Gardant pourtant leurs armes pointées sur le garde, les regards de la plupart des militaires se tournèrent vers Yel, qui semblait choqué. Sentant tous ces yeux braqués sur lui, une sensation de malaise s'empara de lui. Après une petite hésitation à le regarder, Jack reporta son attention sur leur prisonnier :

« Qui est à bord ? L'interrogea-t-il, lequel de vos chefs vous commande ici ?

- C'est Fenelle, bégaya Yel. »

Le garde se contenta de continuer à jubiler sur ses menaces, mais Jack perdit son sang froid devant une telle impassibilité et tira des coups de feu autour du garde qui prit peur. Lorsque le général cessa de tirer, il retrouva exactement la même expression qu'avant son geste d'intimidation. Il continua alors l'interrogatoire :

« Où est l'altéran ? »

Tandis que tous les militaires SG concentrèrent leur attention sur le Furling, Yel lança un regard stupéfait et inquiet à Jack, qui ne le vit pas.

« Je ne poserai pas la question deux fois, reprit le général de manière menaçante.

- Rien ne pourra l'arrêter dans sa quête de notre toute puissance, répondit le garde tandis que son regard devenait effrayant. Vous ne nous empêcherez pas de l'attraper. Nous n'aurons de répit que lorsqu'il sera vide. Il fera de nous les maîtres de cette galaxie. Il rendra notre Impériale plus puissante que tout. »

Lorsque le garde se releva, ceux qui n'avaient pas levé leurs armes le firent. Il continua d'acclamer la puissance de Fenelle, ce qui commençait à barber les militaires. Mais le vrai problème fut qu'il poussa un cri furling, qui était si fort et si aigu qu'il fit souffrir les oreilles humaines présentes. Ce son strident résonnait dans leurs oreilles et leur têtes, Jack voulut alors l'abattre. C'est alors que des flammes blanches apparurent de nulle part et l'embrasèrent.
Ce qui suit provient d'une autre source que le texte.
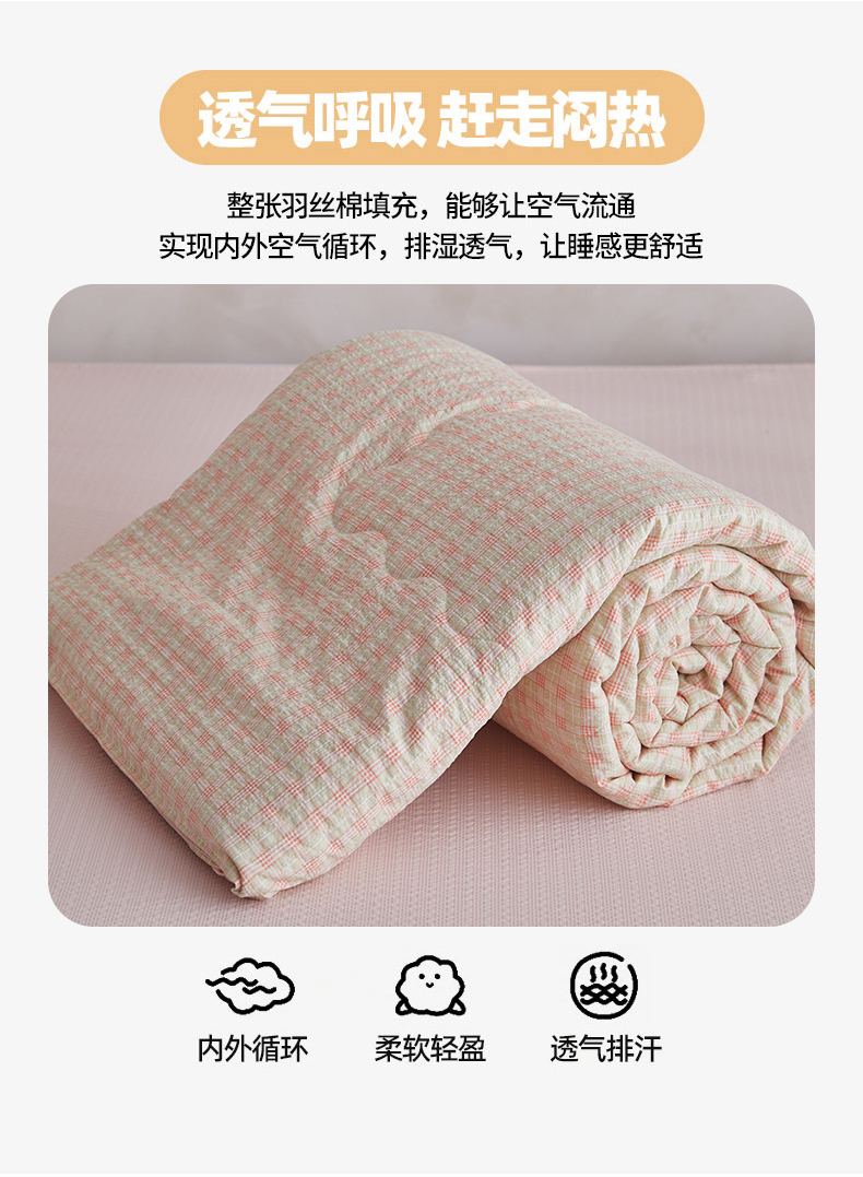 艺菲阁家纺 2026新款泡芙棉夏被夏凉被空调被 青橘格

Il s'effondra et ils ressentirent alors un grand soulagement.

« Mais qu'est-ce que c'est que ça, encore ?! S'étonna Jack. »

Devant la carcasse du Furling, Jack se tourna vers Yel et remarqua qu'il semblait à la fois paniqué et enragé. Il s'approcha de lui et lui demanda :

« C'était quoi ce cri, toi qui t'y connais en Furling ?

- Un cri d'alerte, répondit-il assez perturbé. Il sert à prévenir un chef qu'il faut se replier ou annonce aussi que la mission est accomplie.

- Si la reine est à bord, c'est une occasion en or, précisa Coburn.

- Il faut l'empêcher de quitter le navire, affirma Jack. »

La voix de celle-ci se mit soudainement à résonner dans leurs têtes, comme s'élevant dans les airs :

« Petit garçon ? Dis-moi, pourquoi es-tu si triste ? Pauvre petit garçon... Pauvre petit enfant qui a perdu son père...

- Taisez-vous... Balbutia Yel, visiblement affligé.

- Qu'est-ce que ?... Hésita Jack. »

Jack et Kana le regardèrent avec inquiétude : il semblait ampli d'une colère qu'ils n'avaient encore jamais vu en lui. Mais autre chose les inquiétait : son bracelet lui saignait le poignet. Malgré cela, la voix de Fenelle continua de résonner :

« Pourquoi est-ce que tu pleures ? C'est pourtant de ta faute... s'il est mort.

- La ferme ! »

Un rire diabolique s'ensuit, résonnant dans tous les couloirs comme un profond grondement, un rire sinistre qui leur glaça le sang dans les veines.